Et, à chaque scandale, on nous explique qu’il nous faut dorénavant améliorer l’efficacité des dispositifs en question pour que de tels événements ne se renouvellent pas. C’est ainsi que, suite à l’affaire de la viande de cheval vendue sous l’appellation viande de bœuf, on envisage d’imposer un étiquetage sur les produits vendus pour améliorer leur traçabilité et que, suite à la catastrophe de Fukushima, des tests de résistance ont été imposés à nos réacteurs nucléaires pour élever le niveau de leur sûreté. Dans notre société technicienne, la réponse ne peut donc être que purement technique, car il ne s’agit pas de réfléchir davantage aux causes profondes de ces accidents, ce qui serait pourtant la seule bonne voie à suivre.
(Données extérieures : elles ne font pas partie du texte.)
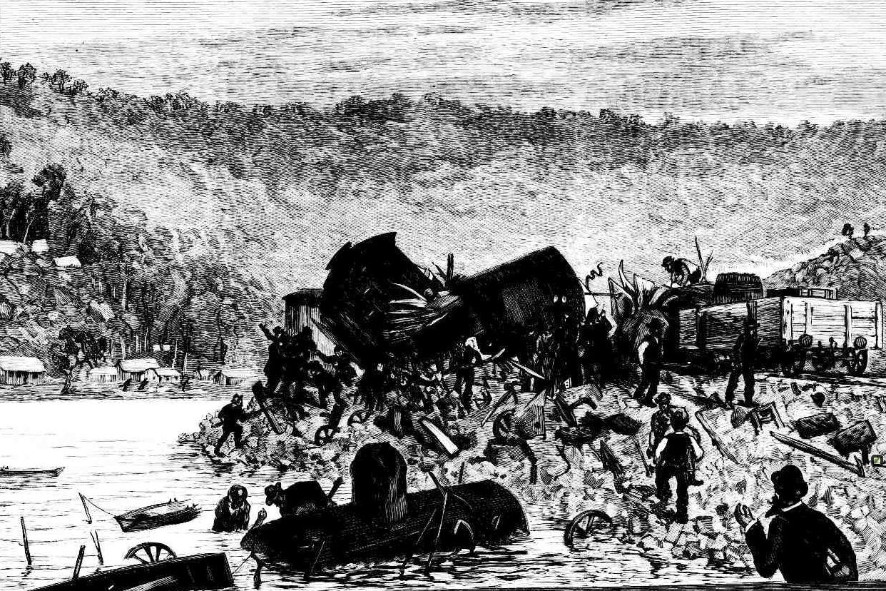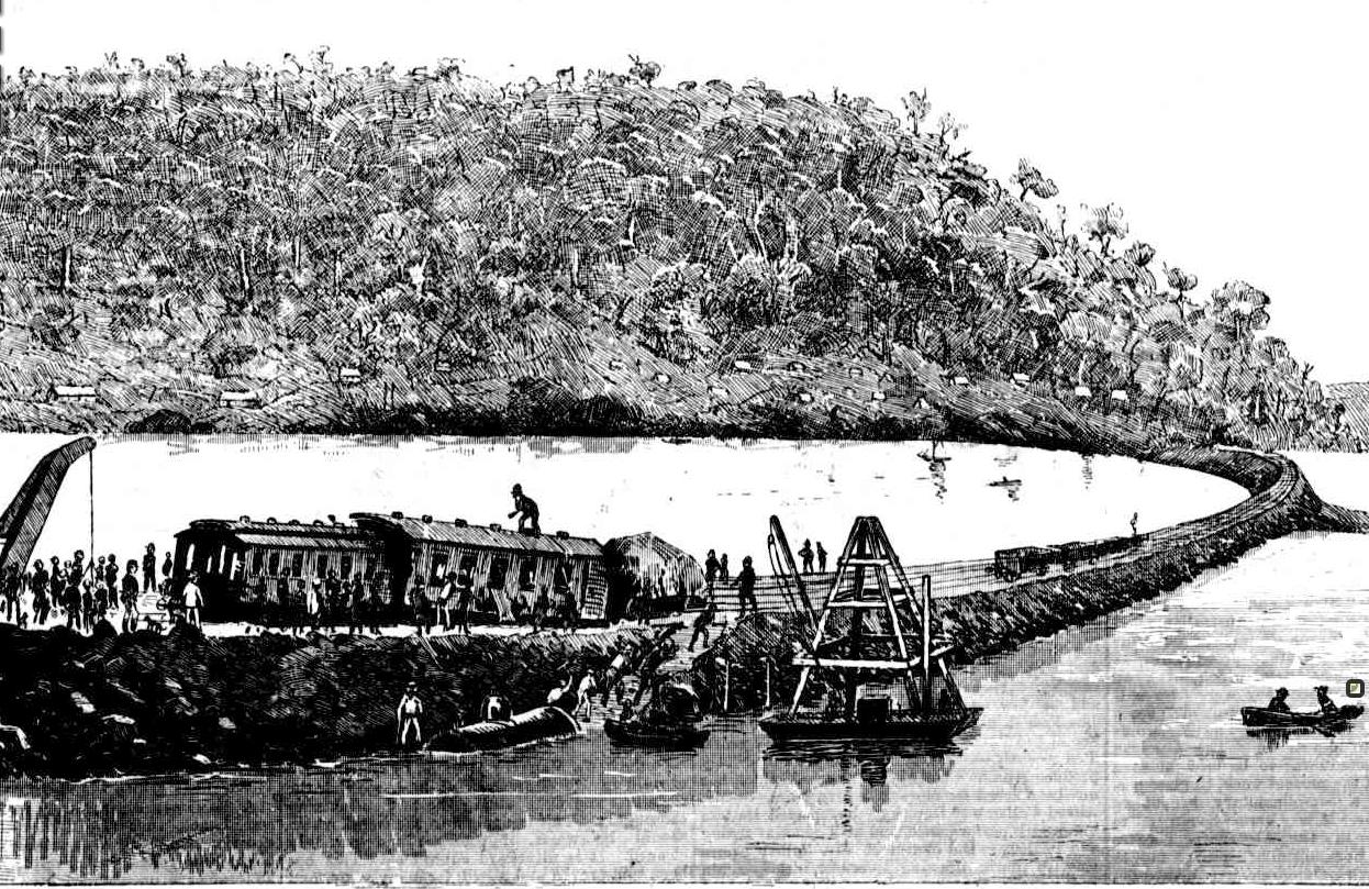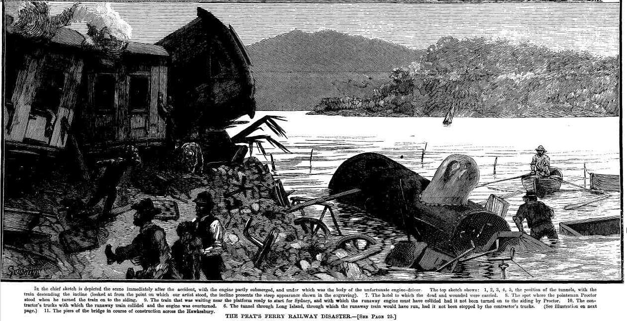 SAD RAILWAY ACCIDENT AT PEATS FERRY, HAWKESBURY RIVER. (1887, July 15). Illustrated Sydney News (NSW : 1881 - 1894), p. 8. Retrieved from http://nla.gov.au/nla.news-article63620688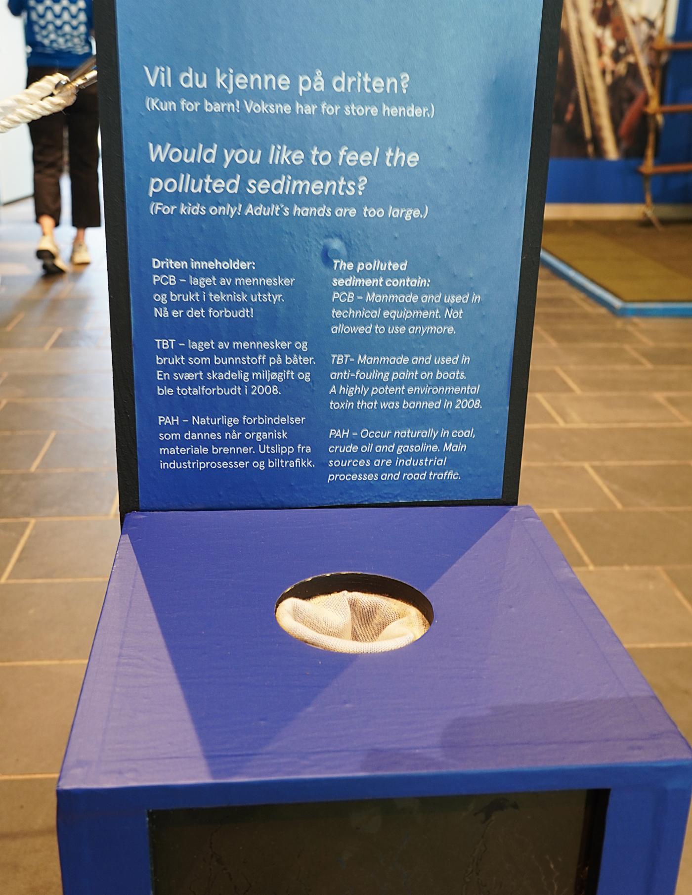 Plansjer med tekst og bilder fra arbeidet med å sjaine Byfjorden pryder også veggene, sammen med en slags boks som barn kan stikke hånden nedi for å “kjenne på” den forurensede sjøbunnen, som vi nå har pakket inn i ny og ren sjøbunn.

Or, ces réponses techniques ne font la plupart du temps que contribuer à la complexité de notre société, et donc à sa vulnérabilité. En effet, le processus de sophistication croissante se situe tant au niveau technologique – avec le rôle joué en quelques années par la diffusion des technologies informatiques – que sur le plan organisationnel, avec l’imbrication croissante des institutions privées et publiques, nationales et internationales. Si bien que, pour arriver à suivre l’itinéraire d’un produit financier ou alimentaire à travers les multiples échelons intermédiaires qui alimentent l’opacité du système, même les professionnels les plus aguerris ont du mal à s’y retrouver !

Sans compter les processus de changements rapides qui achèvent de rendre obsolètes des réponses qui arrivent trop tard et contribuent à rendre difficiles les contrôles et à égarer un peu plus l’opinion publique. La prolifération de normes de sécurité en changement permanent peut aboutir, par effet de saturation, à l’inverse du but recherché. L’environnement social du citoyen moderne devient alors tellement instable et complexe qu’il rend impossible toute forme de maîtrise, autant intellectuelle que pratique, indispensable à une exigence démocratique.

La vérité est que, en un peu plus de cinquante ans, nous avons édifié un monde qui n’est plus à l’échelle humaine. Il existe un déphasage croissant entre nos capacités cérébrales et la complexité du monde qui nous entoure. Nous sommes obligés de nous en remettre à des experts, qui eux-mêmes ont des connaissances très pointues mais limitées à un champ très étroit.

Nous ne savons plus ce que nous mangeons, ni ce que nous respirons, et sommes obligés de nous en remettre aux conclusions des enquêtes menées par des journalistes parfois aussi ignorants que nous.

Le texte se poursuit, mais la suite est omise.